Identify each state's election window and mechanics. Some states require an annual affirmative election; others are automatic once opted into the regime; a few have one-time elections. The deadline calendar must be assembled before any filing-season decisions are made.

Model the net benefit. For each potential election state: estimate the federal tax saved (entity deduction × owner's federal marginal rate) and net it against any state-tax cost not offset by the home-state credit. The decision is the sum of those net figures across all potential election states.
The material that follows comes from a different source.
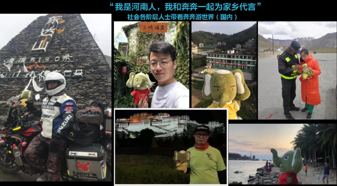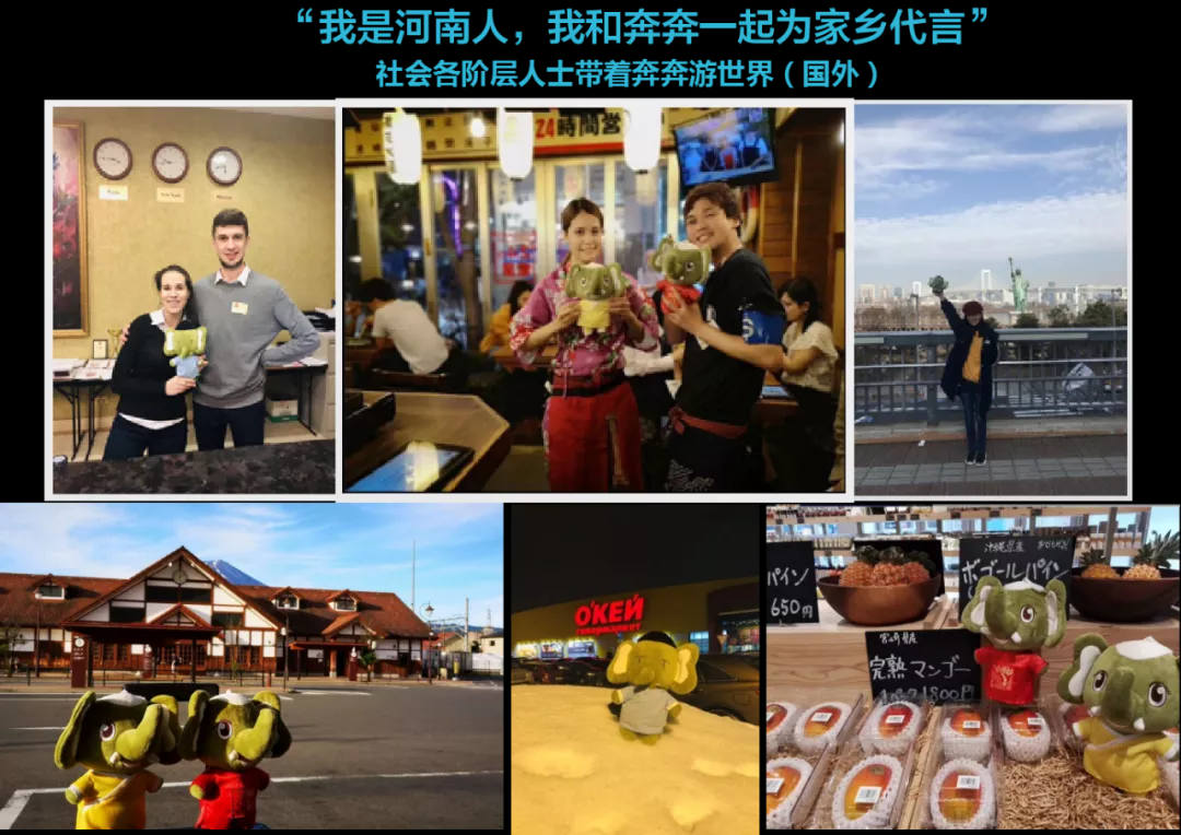 截止到目前,奔奔已经被不同阶层热爱家乡的河南人带到了日本、美国、英国、俄罗斯、澳大利亚、南非、新加坡、泰国等20多个国家,西藏、浙江、海南等30多个省市,同时也将河南文化传播到了世界的各个角落。
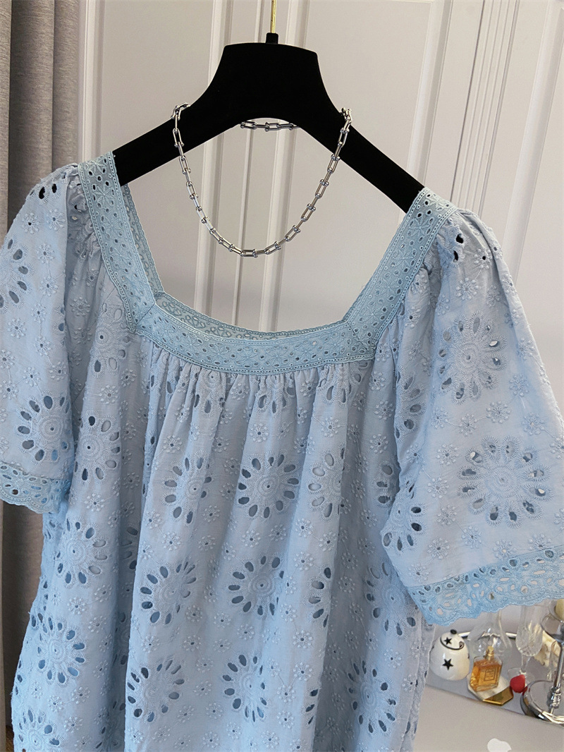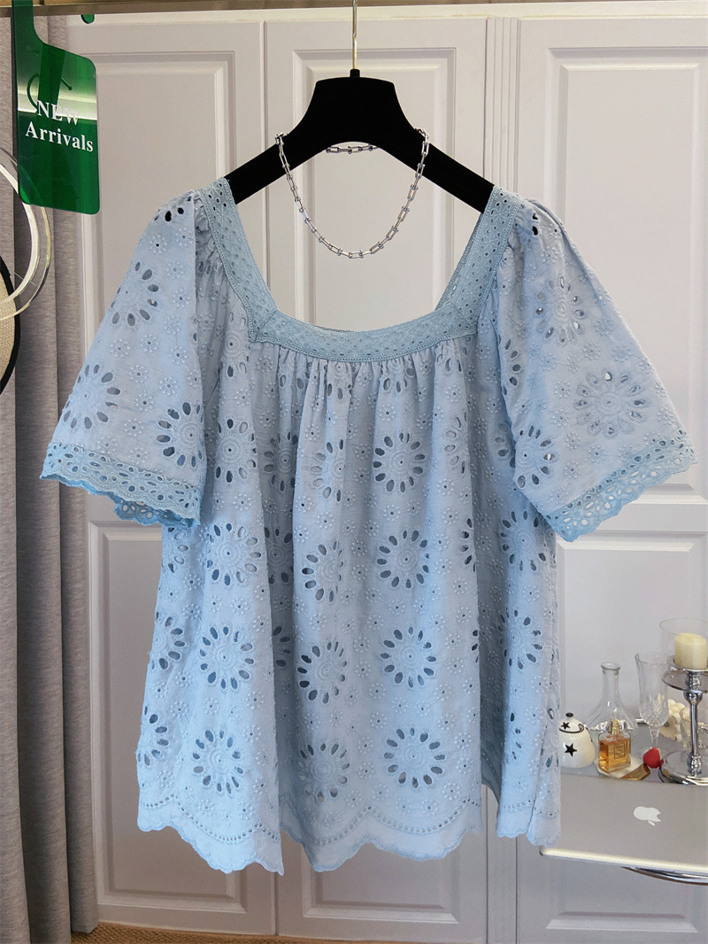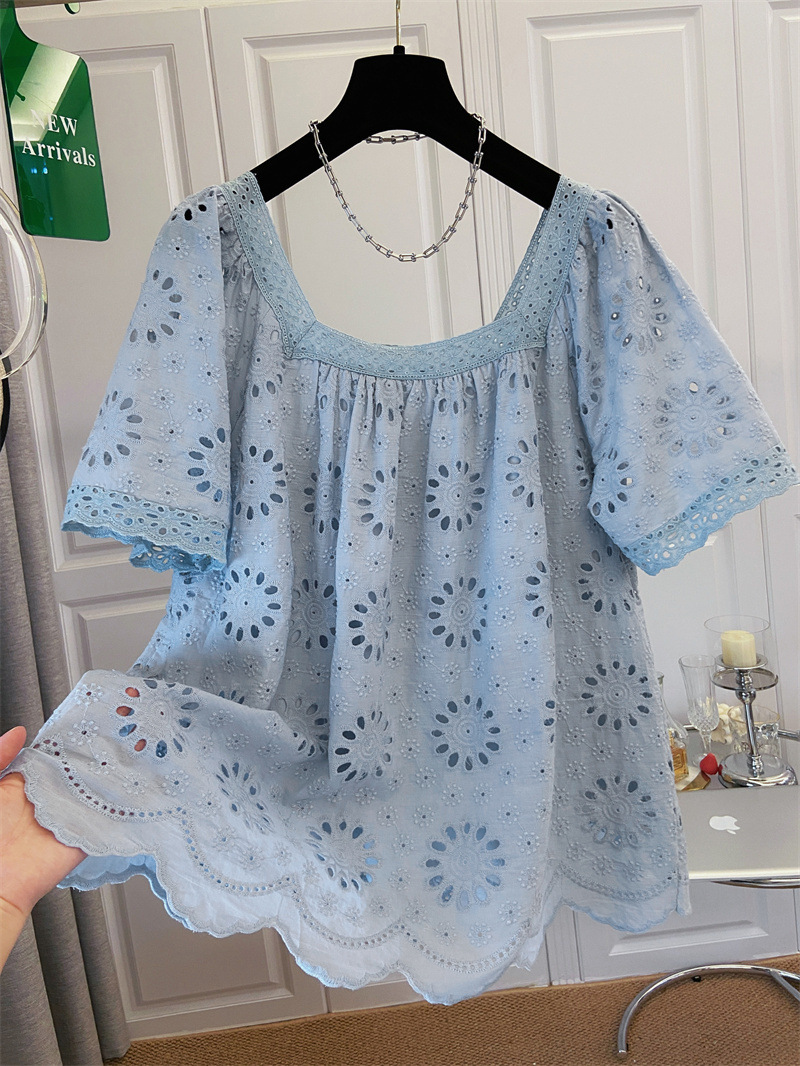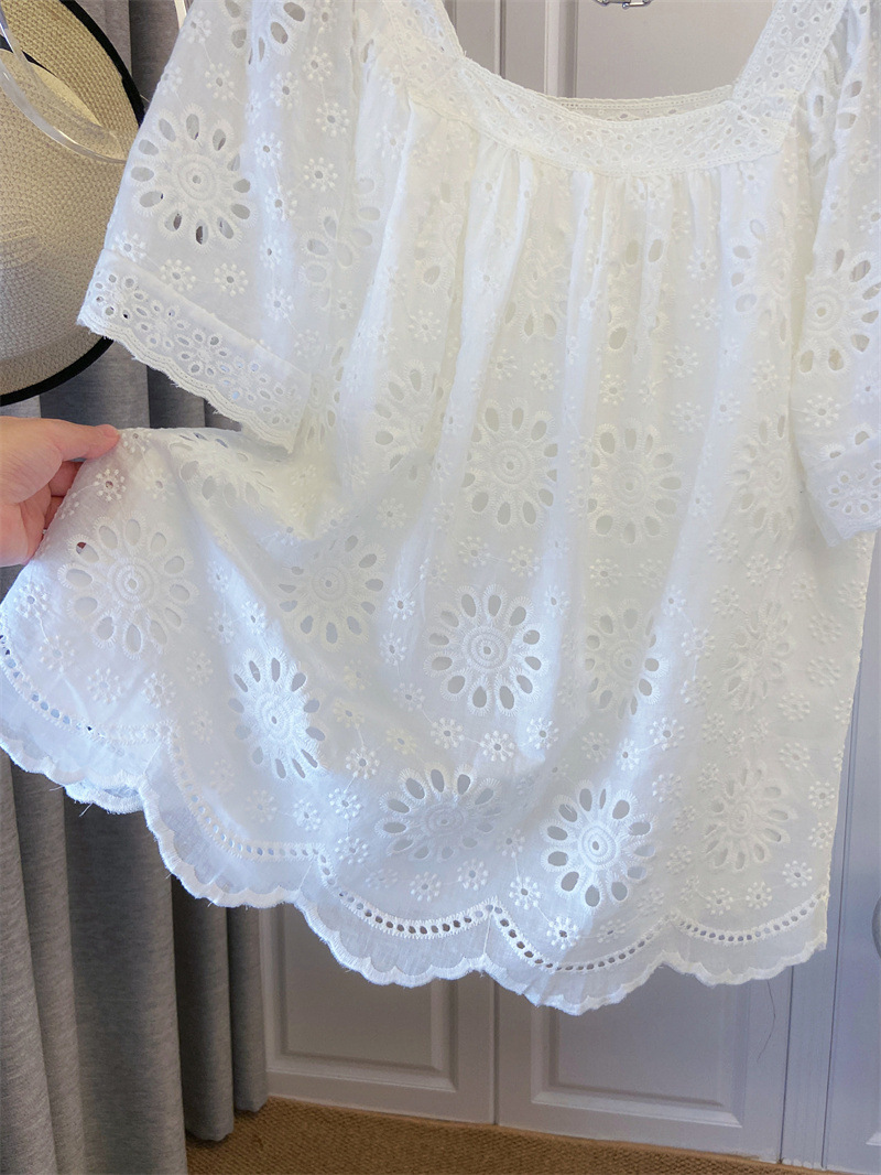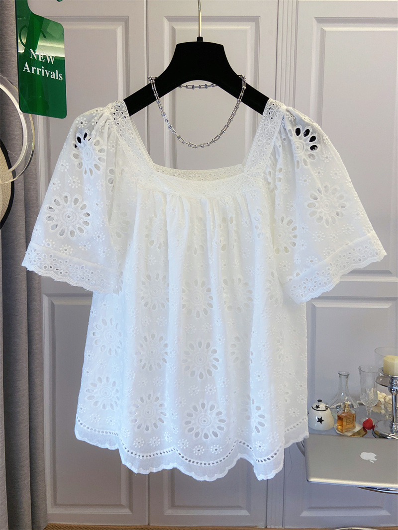 프랑스 스타일 연령 감소 로우 라운드 넥 중공 반팔 쉬폰 셔츠 탑 여성 여름 신작 대형 루즈 스위트 셔츠스토어 가기

What has changed for multistate owners in 2022

The expansion of PTET regimes to more than 30 states means that a business operating in five or six states may now have PTET elections available in all of them. The opportunity cost of not modeling the elections is higher than it was in 2021, when fewer regimes were live. At the same time, the coordination complexity has grown: more elections mean more deadlines, more resident-credit analyses, and more opportunity for the election to produce unexpected results if the home-state credit mechanics are not verified.

Bottom line

The pass-through entity tax is one of the most durable planning opportunities in the current federal tax landscape. Its value is not automatic — it depends on careful state-by-state analysis and on election-deadline discipline. For multistate owners who have not yet mapped their 2022 election options across all available states, the time to do that work is now, not at year-end when some election windows will have closed.